Завтрак à la Chamfort
У меня нет прибора, чтобы измерить хандру, но кажется, в последнее время мои дни начинаются гораздо хуже, чем раньше. Словно приходится преодолевать всё более высокую дамбу отвращения, чтобы вписаться в наступающий день. Когда в утренних сумерках, с трудом превозмогая ледяную преграду январского ветра, еду на велосипеде на работу, думаю: собственно говоря, земля – гигантский лагерь смерти. Мы пытаемся убедить себя, что находимся в Вестерборке, тогда как на самом деле знаем, что это Дахау[105]
. «о to be in finland // now that russia’s here»[106].Вхожу в здание, подстегивая себя изречением Шамфора: «Нужно на завтрак проглотить жабу – тогда до самого вечера ничто уже не вызовет отвращения»[107]
. Ничего удивительного, что, разговаривая с Арием Вермёйленом, новым ВИЧ-пациентом, я тупо смотрю прямо перед собой. Это во всех отношениях истончившийся молодой человек. Нос, голос, всё его тело какие-то щуплые и тщедушные, словно, с тех пор как заболел, он пытается раствориться в своей чересчур просторной одежде.Спрашиваю его, как он себя чувствует. Готовясь к обстоятельному ответу, он усаживается поудобней и пускается в пространные объяснения – как тот сосед, что ненароком вас доводит до бешенства, если, не дай бог, заговоришь с ним о погоде.
– Ну как вам сказать, конечно, не могу поручиться, что чувствую себя на все сто, нет, чего нет, того нет, то есть не могу сказать, что чувствую себя, в общем-то, хорошо, точно нет, понимаете? И нужно сказать, что я давно уже не…

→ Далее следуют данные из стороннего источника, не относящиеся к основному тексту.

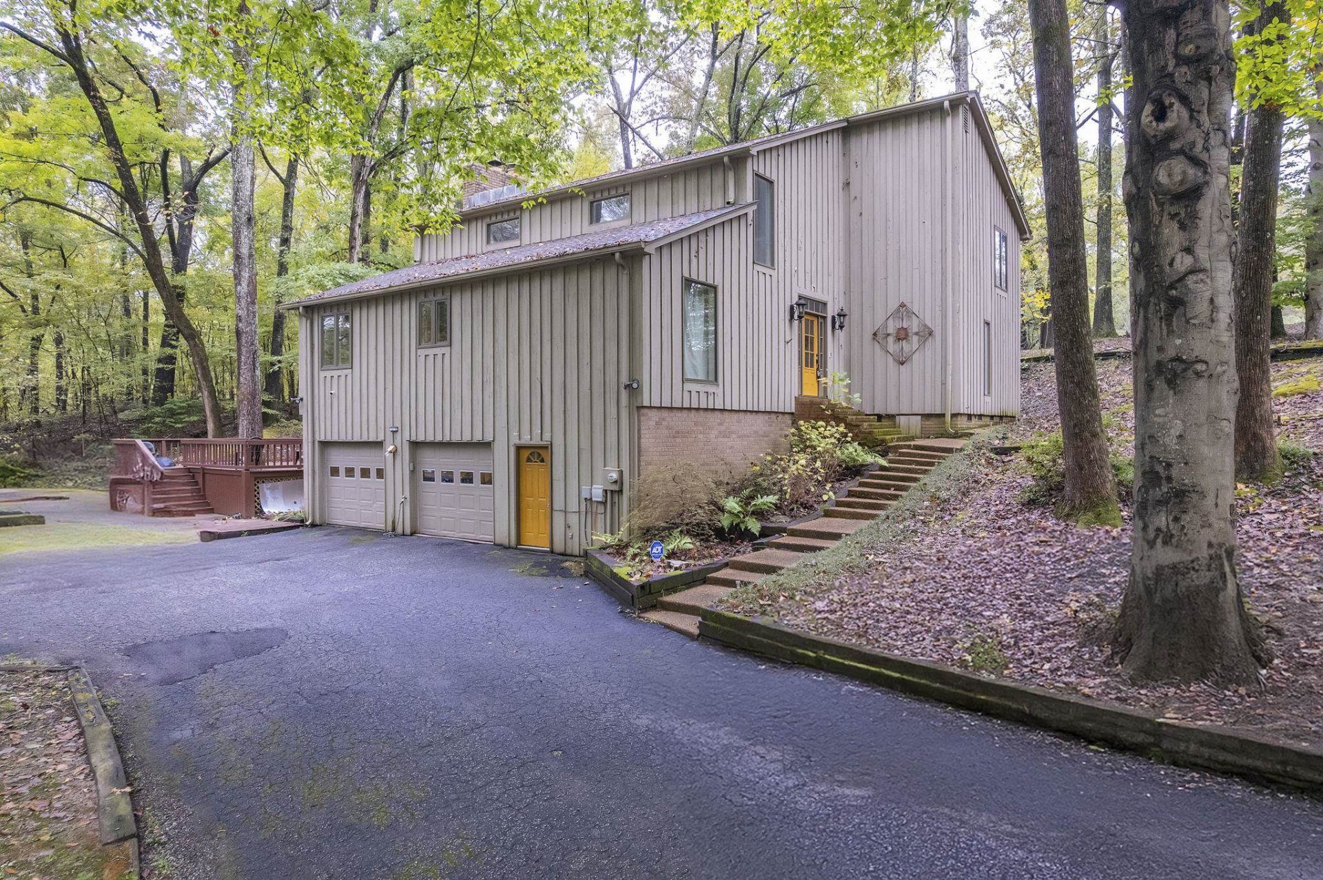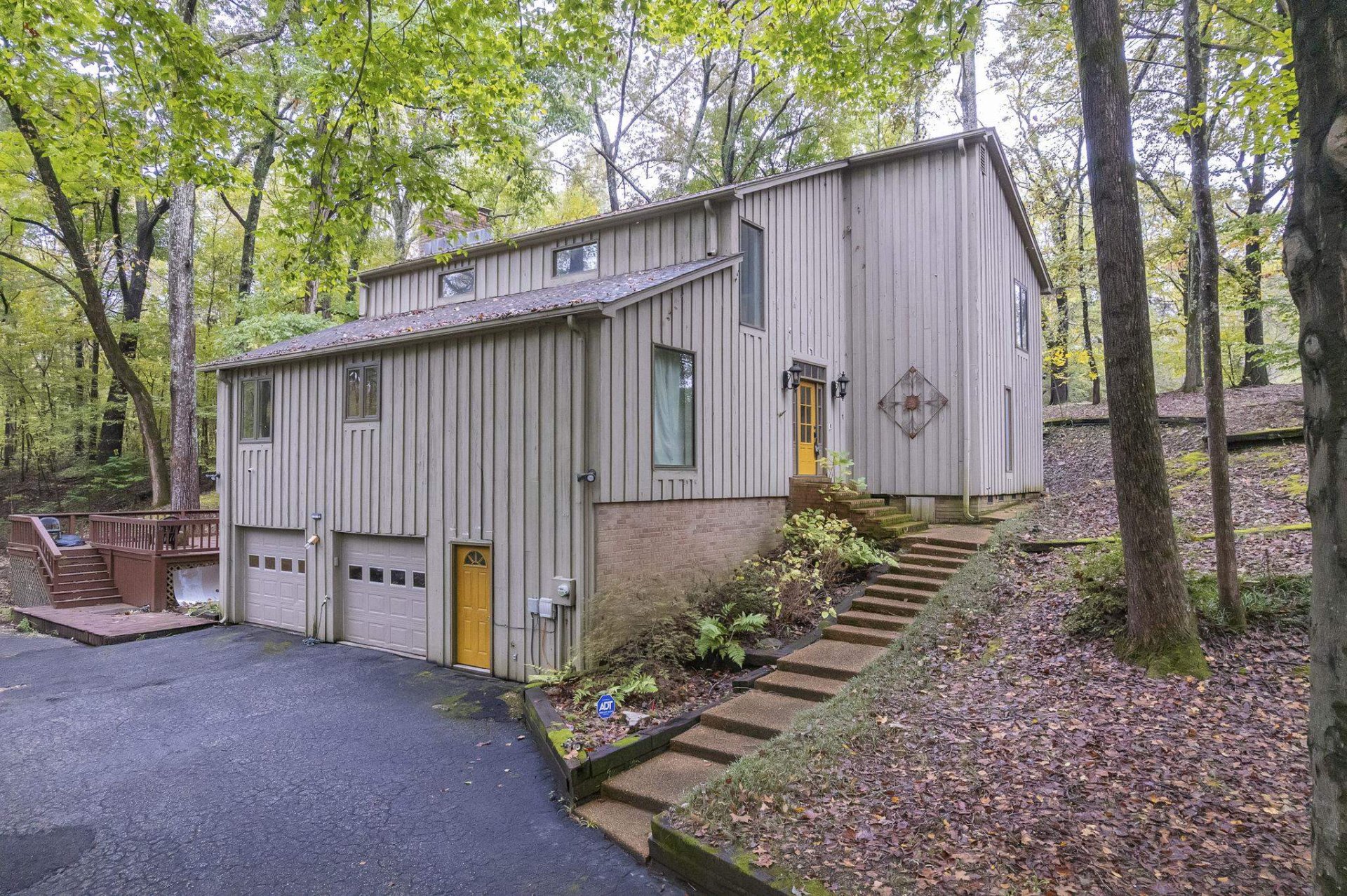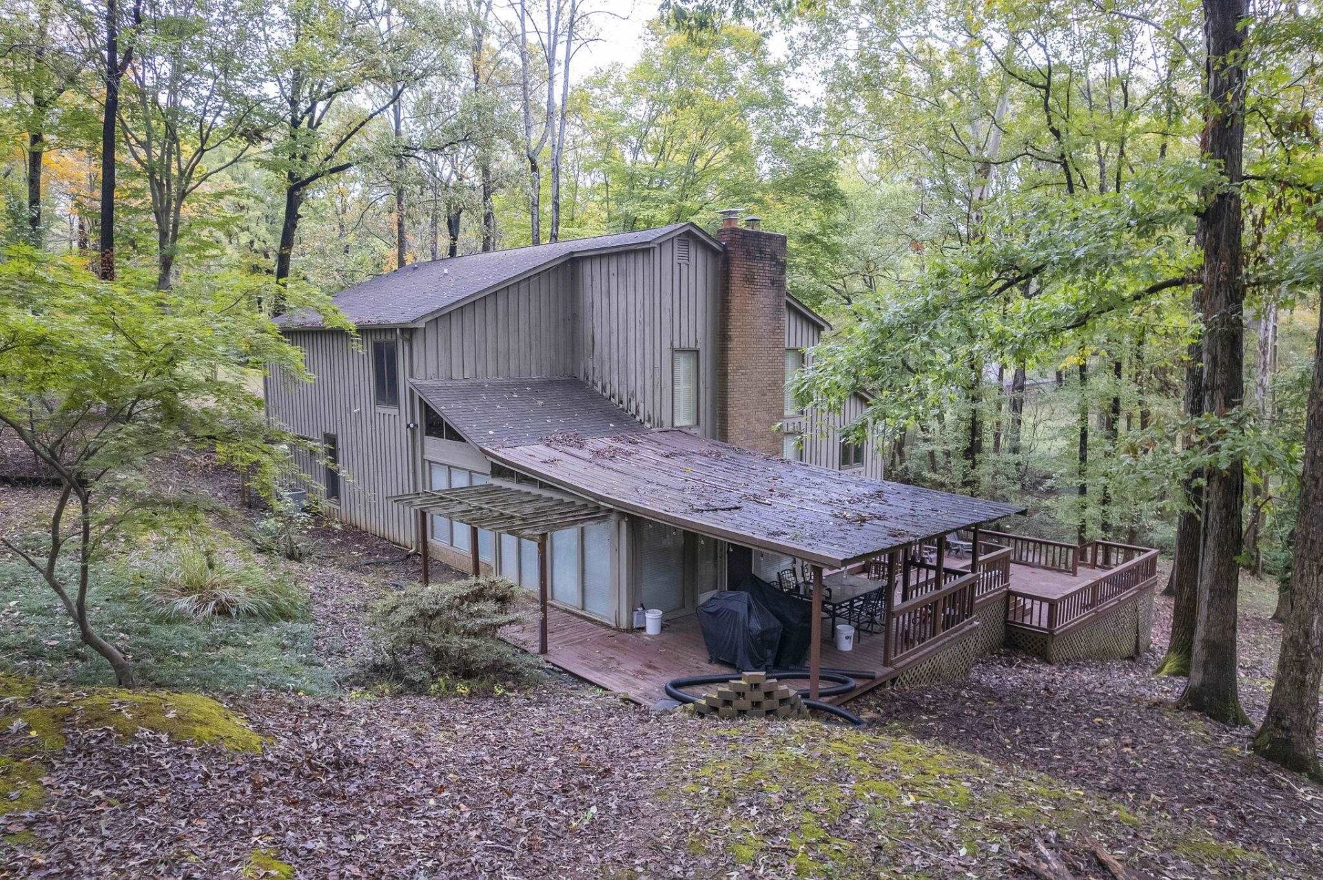 Nestled in a serene, wooded retreat, this mid-century contemporary gem blends timeless design with natural seclusion. Soaring beamed ceilings crown the expansive great room, complemented by custom built-in shelving and a dramatic floor-to-ceiling brick fireplace. The efficient kitchen boasts generous counter space and abundant storage for seamless functionality. Brick flooring adds rustic charm to the cozy den and elegant sun room. Retreat to the spacious primary suite for ultimate restoration. Outside, multi-tiered decks extend the living space, inviting you to unwind amid the tranquil backyard oasis.

Настроение у меня паршивое, так и хочется зарычать ему в ухо: «Конечно, парень, ясно, что дело дрянь. У тебя СПИД!»
В отделении первым делом заглядываю в палату к мефроу Бернард. На вопрос, есть ли еще у нее пожелания на следующий год, отвечает: «Есть. Умереть». Она висит в «железной сестричке» – подъемном устройстве. Была когда-то красивой женщиной, с приятной полнотой, сегодня же ее ягодицы свисают, словно сдувшиеся воздушные шарики. Кожи во многих местах уже совсем не осталось, и ткань, на которой она лежит, вросла внутрь, оставив глубокие отпечатки, похожие на окровавленный джут. Беккетт сказал бы: «She was bonny once»[108]
.По словам Яаарсмы, Беккетт тоже умер в доме милосердия. Я представляю себе, как он, старый, пожелтевший, с эмфиземой легких, пыхтит в своей тихой парижской квартире. Брюзгливая жизнь, выстраиваемая вокруг запрещенных сигарет и недозволенного спиртного. Хотя о его последних днях мне ничего не известно, не могу отделаться от мысли о связи его конца с концом Мёрфи или Малоуна[109]
. Это наивно, бестактно и, в общем-то, глупо.Менееру Берендсену 86. Уже почти четыре недели, как он отказывается от еды. Маленький человечек, выглядит как, по моим представлениям, обитатель богадельни у Беетса[110]
. Детей у него нет, жена давно умерла. Самое худшее из всего, что случилось с ним в жизни, это когда однажды во время войны он всё еще оставался на улице после начала комендантского часа. Всякий раз, когда он об этом вспоминает, его охватывает смертельный ужас, и в первые недели пребывания здесь он сотни раз благодарил меня за то, что мы вовремя его приняли. Де Лифдеберг он считает самым надежным укрытием. Он часто шепчет мне, что раньше работал с евреями, но не хочет, чтобы это стало известно, потому что можешь быть недостаточно осторожным. На мой вопрос, что стало с этими людьми, он заплакал. И зачем я его об этом спросил?